## [Source information]

□ □ □ □

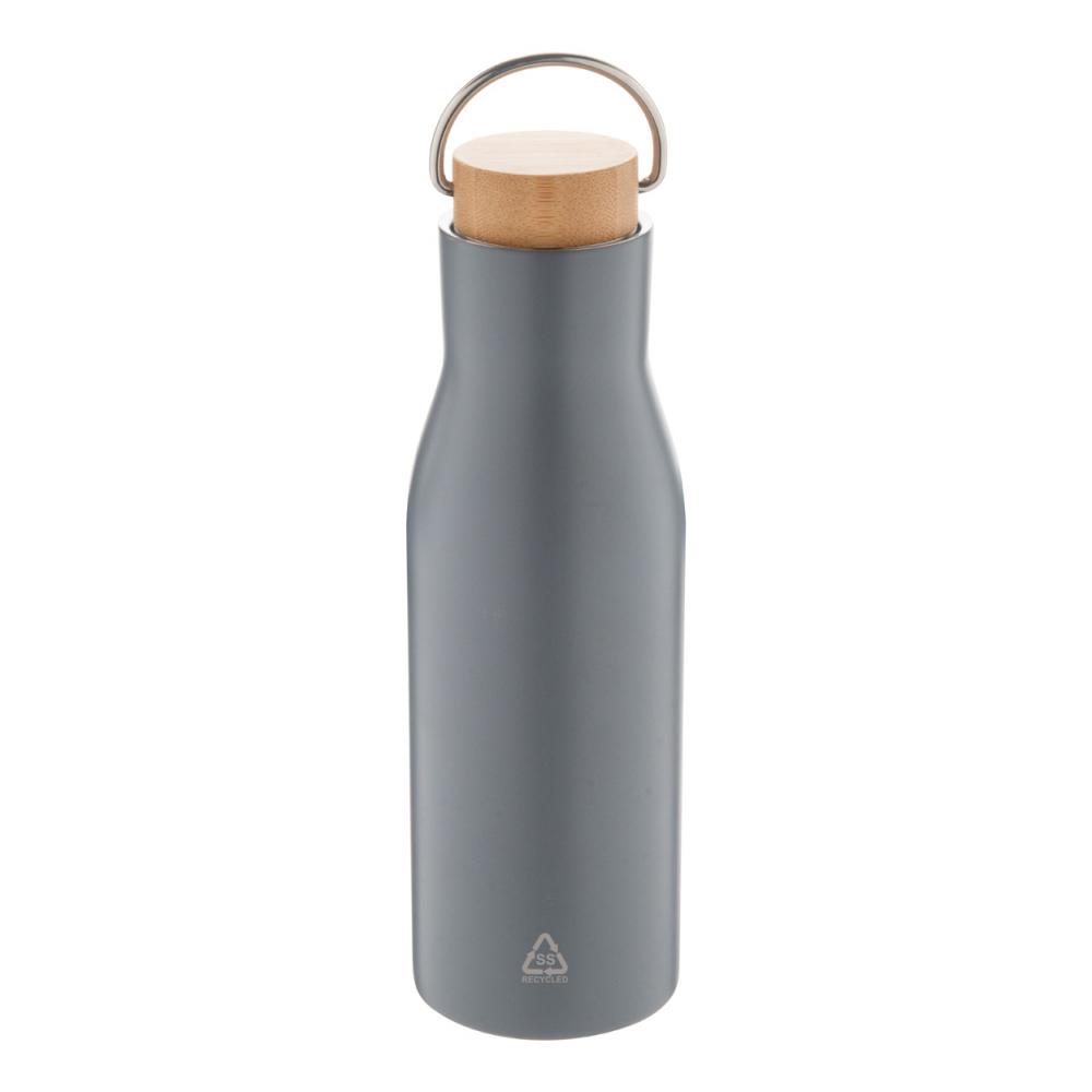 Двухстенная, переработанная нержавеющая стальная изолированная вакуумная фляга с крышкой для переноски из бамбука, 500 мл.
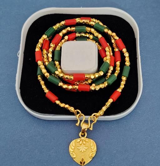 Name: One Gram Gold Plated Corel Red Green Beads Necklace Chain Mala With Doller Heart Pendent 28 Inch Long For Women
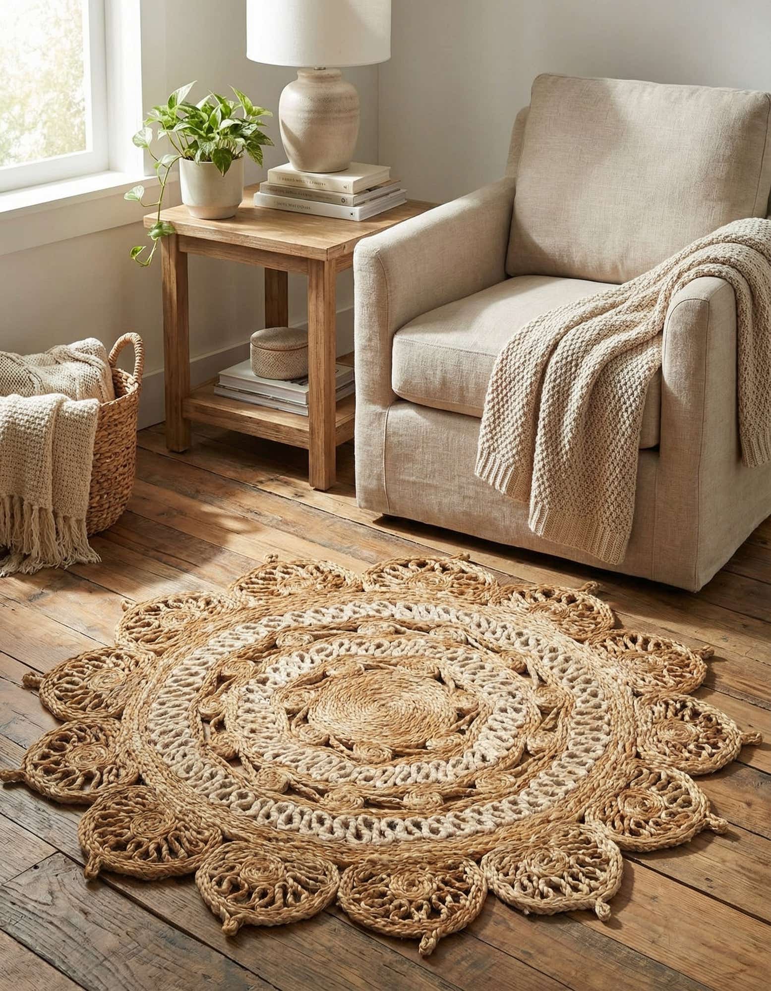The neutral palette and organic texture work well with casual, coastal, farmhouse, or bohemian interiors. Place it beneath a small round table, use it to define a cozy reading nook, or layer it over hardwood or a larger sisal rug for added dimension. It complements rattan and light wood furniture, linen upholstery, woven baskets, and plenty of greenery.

□ □ □ □

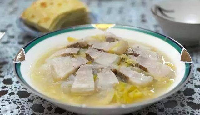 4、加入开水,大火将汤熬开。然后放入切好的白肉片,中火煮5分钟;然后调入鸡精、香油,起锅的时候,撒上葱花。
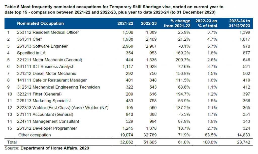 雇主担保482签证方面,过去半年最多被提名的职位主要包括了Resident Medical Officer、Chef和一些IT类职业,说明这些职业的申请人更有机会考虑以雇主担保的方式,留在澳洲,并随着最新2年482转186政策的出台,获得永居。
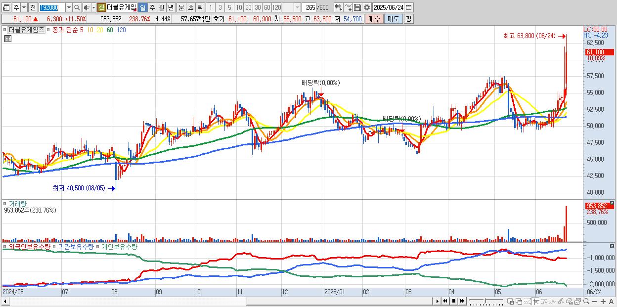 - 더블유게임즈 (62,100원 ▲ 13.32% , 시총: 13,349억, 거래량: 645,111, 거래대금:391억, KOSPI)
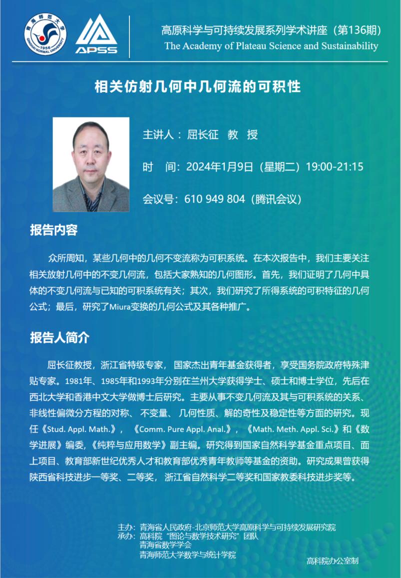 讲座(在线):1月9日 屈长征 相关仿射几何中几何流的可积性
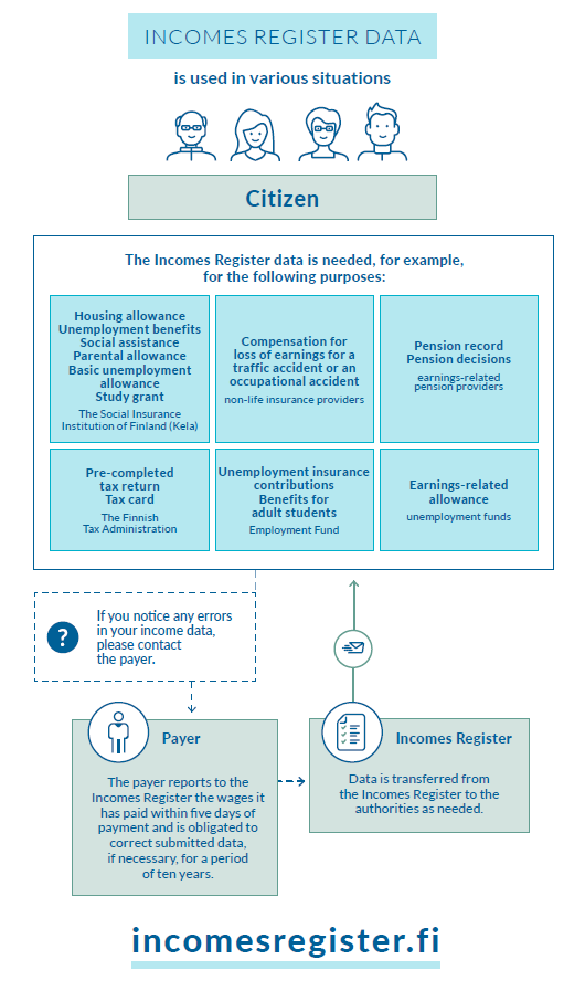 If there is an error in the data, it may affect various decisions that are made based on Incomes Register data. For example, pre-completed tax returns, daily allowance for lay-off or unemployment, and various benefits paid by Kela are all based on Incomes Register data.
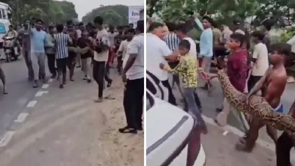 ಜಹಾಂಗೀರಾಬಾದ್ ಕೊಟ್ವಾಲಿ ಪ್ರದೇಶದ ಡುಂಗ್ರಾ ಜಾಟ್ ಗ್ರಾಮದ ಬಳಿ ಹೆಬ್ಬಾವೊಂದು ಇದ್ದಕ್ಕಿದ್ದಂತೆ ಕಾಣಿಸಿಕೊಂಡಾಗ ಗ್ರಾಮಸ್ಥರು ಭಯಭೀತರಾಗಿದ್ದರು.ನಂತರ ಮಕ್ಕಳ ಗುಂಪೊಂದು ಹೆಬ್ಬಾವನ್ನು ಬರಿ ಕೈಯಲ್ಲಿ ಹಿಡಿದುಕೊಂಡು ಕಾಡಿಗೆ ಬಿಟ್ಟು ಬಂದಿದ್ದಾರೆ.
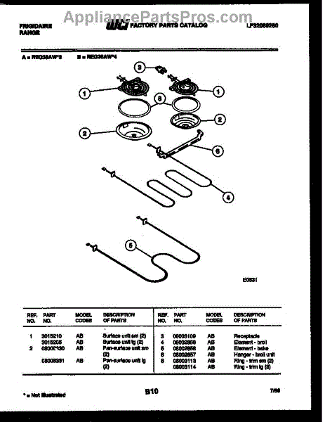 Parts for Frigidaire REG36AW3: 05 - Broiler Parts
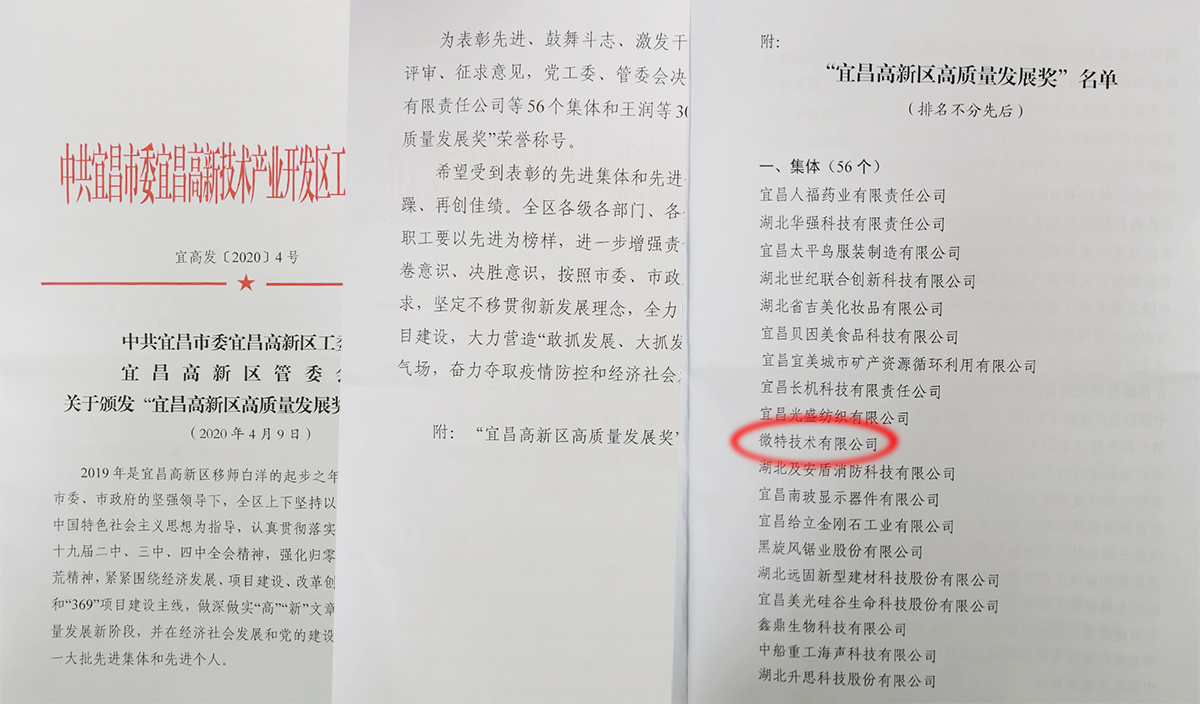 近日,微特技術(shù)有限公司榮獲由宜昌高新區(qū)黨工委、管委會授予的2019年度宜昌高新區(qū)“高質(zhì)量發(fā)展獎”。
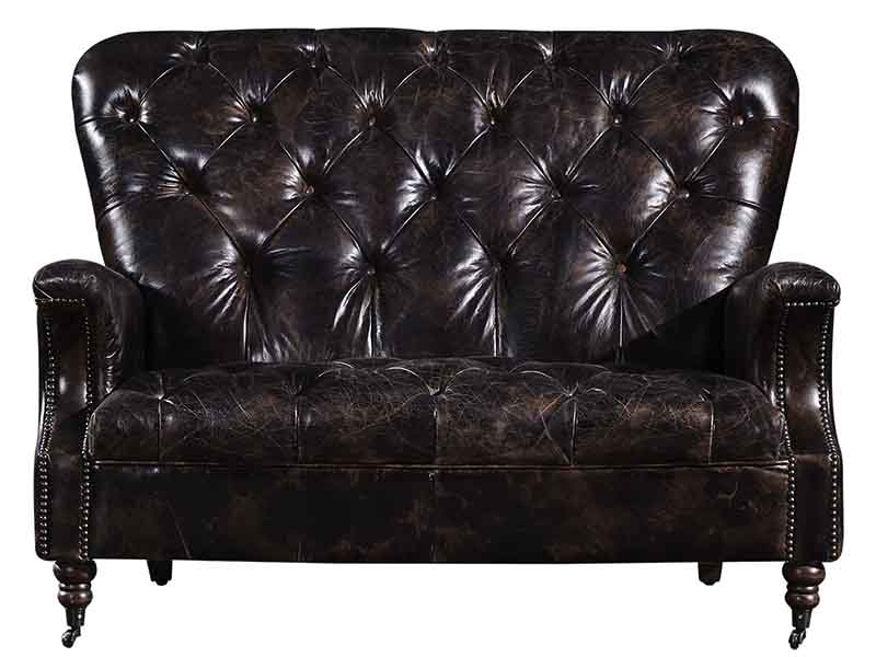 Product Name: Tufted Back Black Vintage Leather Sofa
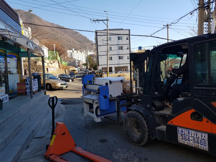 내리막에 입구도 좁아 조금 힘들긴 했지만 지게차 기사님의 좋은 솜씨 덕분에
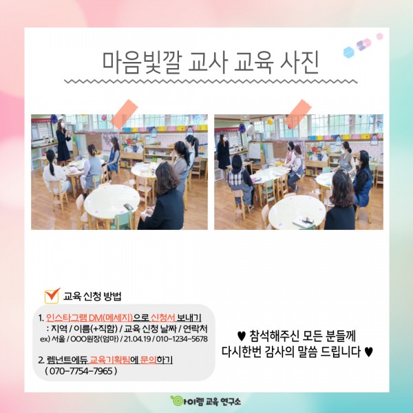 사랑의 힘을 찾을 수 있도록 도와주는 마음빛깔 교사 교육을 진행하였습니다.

□ □ □ □

## [How to complete this task]
Look above for the line with "Двухстенная, переработанная нержавеющая" and the line with "Name: One Gram", then copy exactly the lines from the first through the second, both kept, with no pictures.

## [Completed exercise]
 Двухстенная, переработанная нержавеющая стальная изолированная вакуумная фляга с крышкой для переноски из бамбука, 500 мл.
 Name: One Gram Gold Plated Corel Red Green Beads Necklace Chain Mala With Doller Heart Pendent 28 Inch Long For Women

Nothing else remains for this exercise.